Elogio do fracasso
O sucesso é uma droga psicotrópica e seu culto intensivo na atualidade obedece à hegemonia de ideias que consagram o individualismo e o darwinismo social.
Durante as olimpíadas, recordes são quebrados, marcas impressionantes são estabelecidas, ocorrem desempenhos formidáveis e ergue-se um coro de vozes estridentes a exaltar os exemplos de superação. A cada quatro anos, repete-se a ladainha, engrossada pelas competições anuais de categorias esportivas, da natação ao salto triplo, do judô ao xadrez, do pingue-pongue ao pentatlo.
Os vencedores ganham dinheiro e fama (ou só fama, dependendo da modalidade). São entrevistados pela mídia e postam suas histórias nas redes sociais: tudo igual. O esforço inaudito, os empecilhos gigantescos, a persistência, a fé, a meritocracia (os anabolizantes são omitidos).
Um só blá-blá-blá, onde se mudam, a cada ocasião, apenas os nomes e os números. Graças à tecnologia, novos métodos e alimentos e fármacos cientificamente testados, as marcas avançam sempre. Mas a dinâmica é a mesma. E, por aí, tudo é redundância.
Mesmo o caso de Gabriela Andersen, que virou celebridade nos Jogos Olímpicos de 1984, em Los Angeles, ao conseguir concluir a maratona toda estropiada, apenas reforça a persistência, um dos valores monotonamente enaltecidos.
Tirando o caráter quase sempre edificante e xaroposo desses depoimentos (lições de autoajuda para sedentários que fazem catarse ao se identificarem no terreno simbólico com esses recordistas), as vitórias são notícias interessantes, como tudo que foge à rotina. Todos admiramos os grandes atletas e artistas, incluindo os circenses, entre outras causas porque nos projetamos neles. É uma ilusão confortadora.

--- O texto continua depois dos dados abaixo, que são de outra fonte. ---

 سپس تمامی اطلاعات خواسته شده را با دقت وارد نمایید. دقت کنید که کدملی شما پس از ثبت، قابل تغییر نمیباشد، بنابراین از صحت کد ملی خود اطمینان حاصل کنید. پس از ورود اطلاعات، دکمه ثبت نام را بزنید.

O sucesso é uma droga e seu culto intensivo na atualidade obedece à hegemonia de ideias que consagram o individualismo e o darwinismo social e que se estendem a todos os domínios da vida, em especial o econômico.

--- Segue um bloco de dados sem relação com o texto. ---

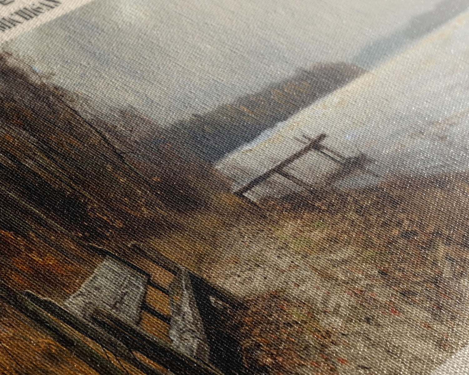 Most of our canvases are made in the USA, with the exception of canvases ordered with the light oak unstained frames, and any large canvases (24x48, 30x60, 16x48 and 20x60) ordered WITH a frame. These are temporarily made in and shipped from Europe, while we try to find a more consistent supplier in the USA.

Mais interessante é a história dos que nunca sobem ao pódio. Parafraseando Tolstói, cada vencedor tem a mesma história, mas os fracassados têm motivações e trajetórias diferentes. O que faz alguém sem a menor chance participar de uma disputa? O que pensam os que chegam em último lugar? Como são iludidos os que não têm condições, mas são convencidos de que importante é haver oportunidades? Poucos se interessam em contar essas histórias. E elas podem ser emocionantes, dramáticas, comoventes, singelas, impressionantes. São sobretudo diversificadas em contraposição à mesmice dos triunfos. O verdadeiro herói de qualquer competição é quem fica em último lugar, que é quem deveria ser entrevistado, quem tem uma história singular.
Os vencedores têm sempre algo de robô. Os vencidos são demasiadamente humanos.
Viva o fracasso! Salve os derrotados! Ave vida!